Were there any poems you wanted to include in the collection but later decided to cut?

There are many poems I have written that I would not share out of respect for readers’ time, attention, caregiving loads, and minds. A lot of what I write is contemplative and private to me, and there is much usefulness in those writing exercises to me alone: writing poetry, to me, is a lot of self inquiry and self discovery. Most of my writing journey is solitary, and I am grateful for that. I feel like I thrive in my solitary space. I had a teacher once who used to say, “that which is sacred is always kept secret.” That makes sense to me. Published writing and audience approval are honorable and essential, and I aspire to connect with and find readers who enjoy what I write. At the same time, I wish to pause here for a moment, to make a plug for, and to acknowledge how important it is to write privately and keep some writing private. Also, for me it is perfectly beautiful to dream I am writing but write nothing at all. As paradoxical as it may seem, I like to extend a silent round of applause and high praise to all the private poetry of the world. Then if-and-when a poem does meet a reader, in that intimate space inside the mind, well, I bow in reverence and gratitude to that meeting.
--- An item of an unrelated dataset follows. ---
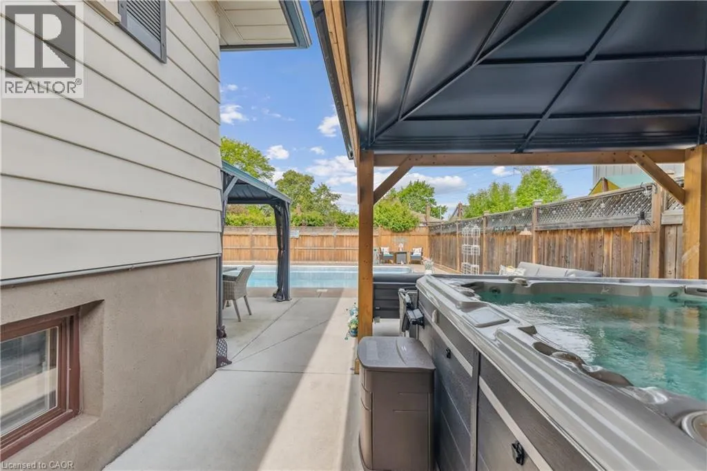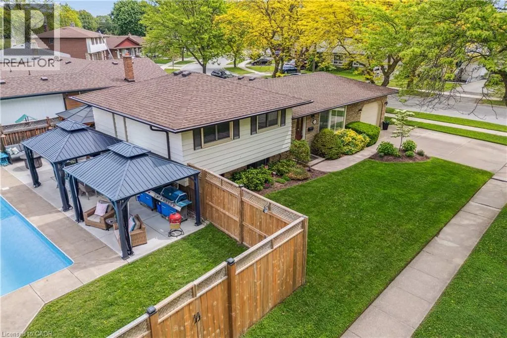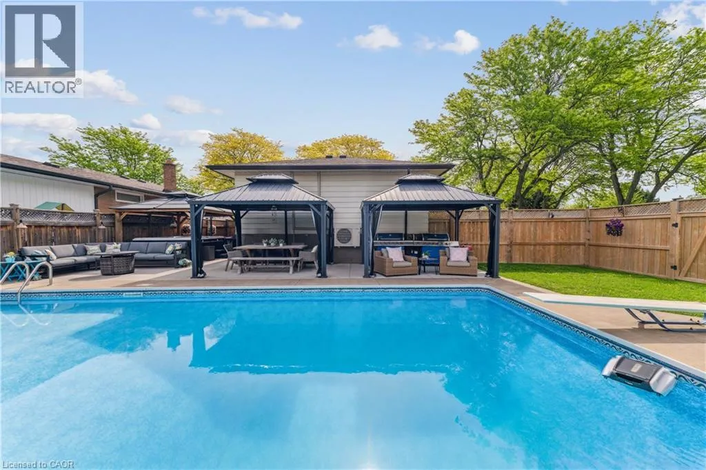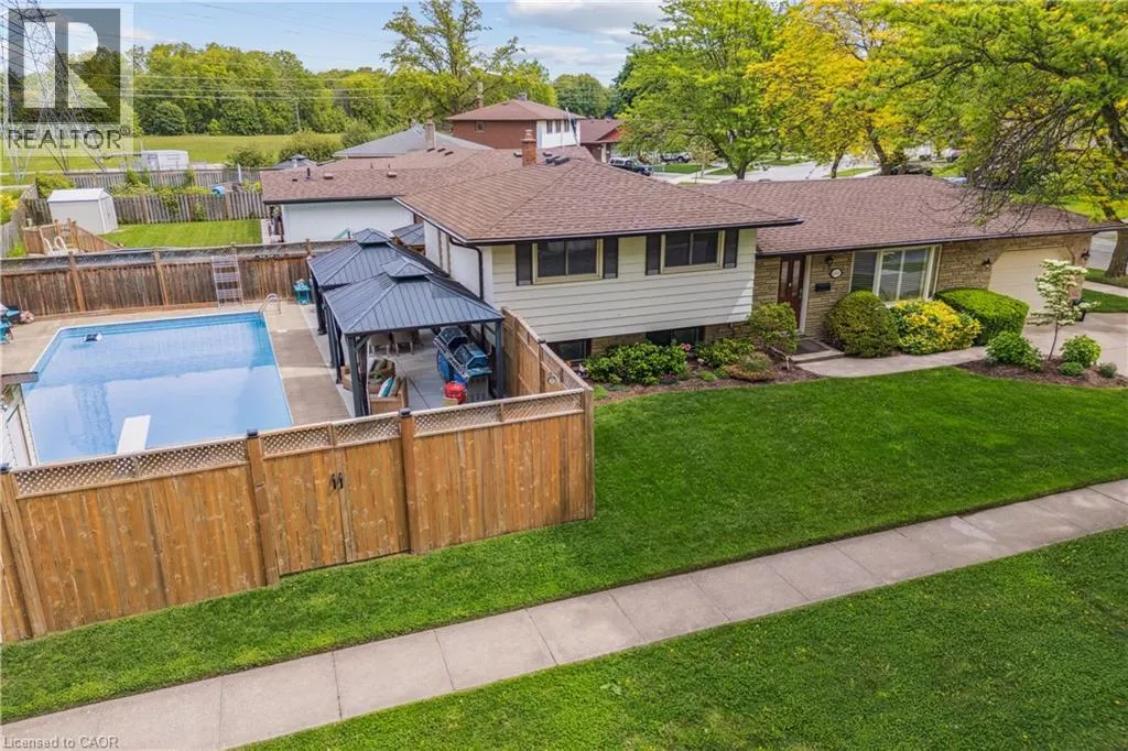 Dorchester Road & Wilinger Street Welcome to your Entertainers' Paradise situated in one of the most sought-after neighbourhoods in Niagara Falls. This spacious 3+1 Bedroom side split home offers approximately 2000 sq ft of finished living space and sits on a gorgeous 6600sq ft corner lot, surrounded by mature trees and parks. Enjoy the ultimate in unparalleled hosting in your private outdoor oasis that features a giant 30x18 inground pool (all equipment 2021 and will stay in poolhouse), an oversize 10 person hot tub covered by a large gazebo, a range of outdoor cooking appliances including 2 propane bbqs, as well as several dining and lounging areas under two more large gazebos. Your hosting continues through the sunroom to the xl garage that is currently set up as a sports bar and dining area, but can easily be converted back into a parking garage with ample workshop space. Not to be outdone by the spectacular exterior, step inside into the serene open dining area that features a cozy bay window and leads into the recently updated kitchen. All new countertops, backsplash and appliances, and sleek recessed lighting creates a modern farmhouse kitchen, and the abundance of countertop and storage space means cooking is not a task, it is a joy! There are three spacious bedrooms on the upper level that share a well appointed four piece bathroom. Step down to the large living room with beautiful original back-lit oak cabinets. This leads into the bonus room that can be used as a playroom, office, exercise room or lounge area. Another good-size bedroom and two-piece bathroom adds to the downstairs living space, with a built-in shower in the next room. Need storage? We've got you covered! The huge laundry room in the basement features washer and dryer, along with shelving and storage space in abundance. Immaculately maintained. Close proximity to schools, highway access, transport, shops, parks and more. (id:27476)

I can absolutely see this collection being used as a guide for or in tandem with meditative practices. Was that your intention, or a pleasant byproduct of your writing style?
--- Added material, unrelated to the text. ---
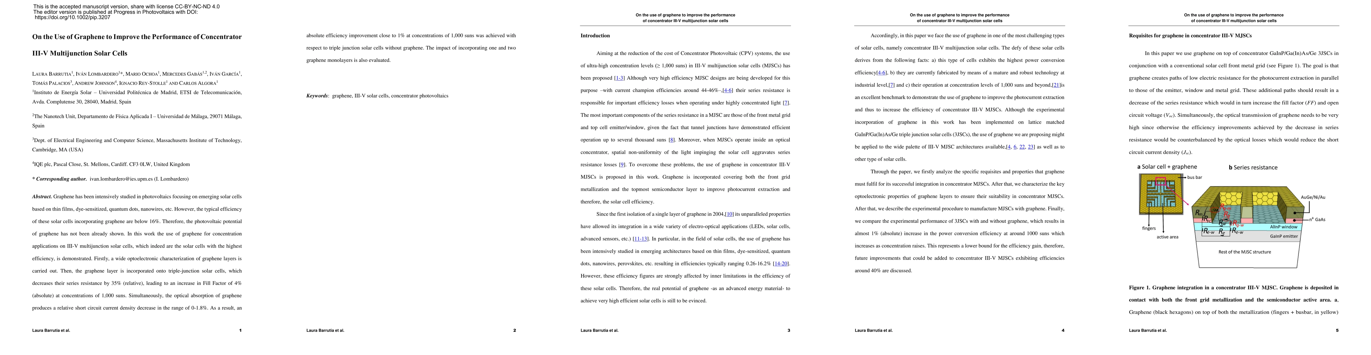 This paper demonstrates that incorporating graphene into III-V multijunction solar cells reduces their series resistance by 35%, leading to a 4% increase in Fill Factor and a near 1% absolute efficiency improvement at 1,000 suns concentration, despite a minor decrease in short circuit current density.

My intention was to pay homage to meditation practices from various wisdom traditions. The poems contemplate transmigration of the yogi’s subtle body. The poems travel through and attempt to hold space for teachings from the Bardo, in-between spaces, off-beat characters, transitions between life-death-rebirth, achieving the rainbow body, processes that involve advanced meditation on the subtle energy of the body and processes that feel cyclical. I felt the sestina form is a kind of mirror for a lot of esoteric ideas I have studied over the years.

If you could tell readers just one thing before they pick up She Bleeds Sestinas, what would it be?

Before you pick up She Bleeds Sestinas, please light a candle for your ancestors and thank yourself and them from me. Anyone who reads this collection, I adore you and your generations past and yet to come! May peace and joy be with all of you, always!

What’s next for you as an artist?

These days I am playing with different forms, new contemplations, and practices that are new to me. What I am working on now could perhaps have the working title He Tackles Tankas. We will see if it becomes a collection. Imagine a series that use all the pronouns in the titles. Oh, I hope I have not shared too much too soon. Thank you for your questions. I appreciate your time and attention!